Signal Classifier for Imbalanced Classes using MATLAB

DOI : 10.17577/IJERTV5IS060159

Download Full-Text PDF Cite this Publication

Text Only Version

Signal Classifier for Imbalanced Classes using MATLAB

Chevon De Souza

Student (M.E. VLSI & Embedded Systems) Sinhgad Institute of Technology and Science, Narhe, Pune

Dr. S. N. Mali Principal

Sinhgad Institute of Technology and Science, Narhe, Pune

AbstractImbalanced classes have always been a problem in the classification process. This is because in real time applications it is almost impossible to find an effective classifier for an imbalanced class. The system that is proposed in this paper is developed using the MATLAB software and can be implemented on an FPGA board. This includes extraction of musical features from audio files. This is done using Radial Basis Function and Euclidean classifier. A database table is also created internally which can hold n number of signals and can be expanded as per requirement. This will help improve the classification of the signals from imbalanced class thus making it an effective system.

Index TermsImbalanced Classes, Euclidean classifier, Field Programmable Gate Array (FPGA), Radial Basis Function (RBF).

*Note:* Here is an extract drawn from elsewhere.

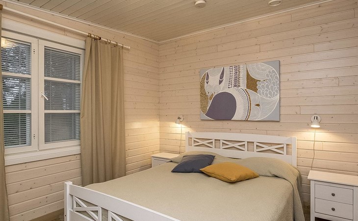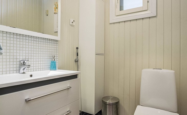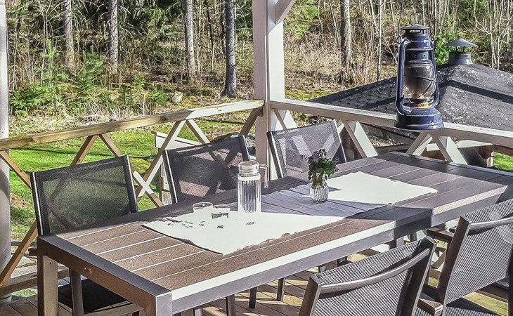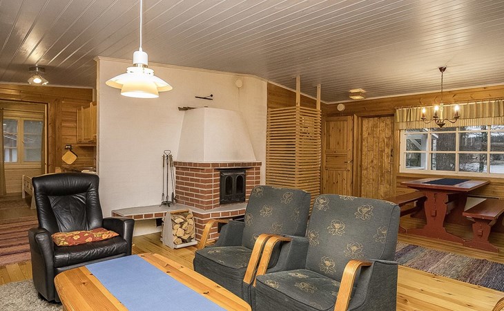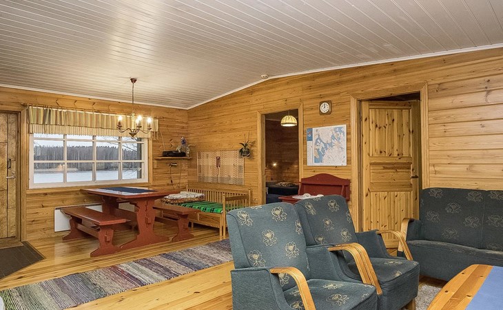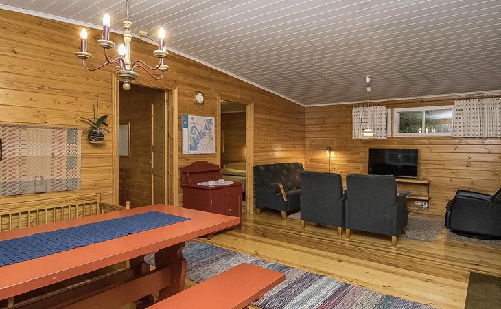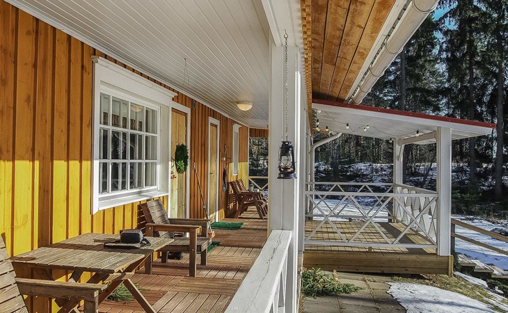 Wooden cottage 1999, fully renovated 2014, living room/kitchen 1 extra bed, 2 bedrooms with double bed, bedroom with 2 beds, dressing room, sauna (wooden heated), shower room, utility room, toilet, 20 m² terrace.

    There has been a noticeable increase in data now-a-days owing to the surveillance systems, security as well as online servers. Solving the problems faced by imbalanced data is thus the need of the hour. This data explosion has made it critical to thus advance and widen our understanding of the fundamentals of knowledge discovery, collection and the analysis of the raw data thus collected. This understanding plays a key role in the decision-making process. In many real-world applications however, a relatively new challenge of learning from imbalanced data has been created and several experts in the academic field and industry are coming up with solutions to solve the problem of imbalanced learning. The imbalanced learning problem focuses on unbalanced, under-represented data and skewed distribution of classes and the performance of their learning algorithms. Learning algorithms for unbalanced classes is difficult owing to the inherent complexity of characteristics of imbalanced data sets. Thus, creation of learning algorithms from such data requires in-depth knowledge of the principles and algorithms of data engineering, keen observation of new understandings and skilled use of tools that enable conversion of raw data into clear information and knowledge representation. Thus, characterization of

    imbalanced data classes can be identified as skewed representation of instances within certain classes over others. Due to the low rate of occurrence of rare instances, the classification rules predict small classes to be rare or merely ignored. As a result, prevalent classes are not as misclassified as test samples belonging to small classes.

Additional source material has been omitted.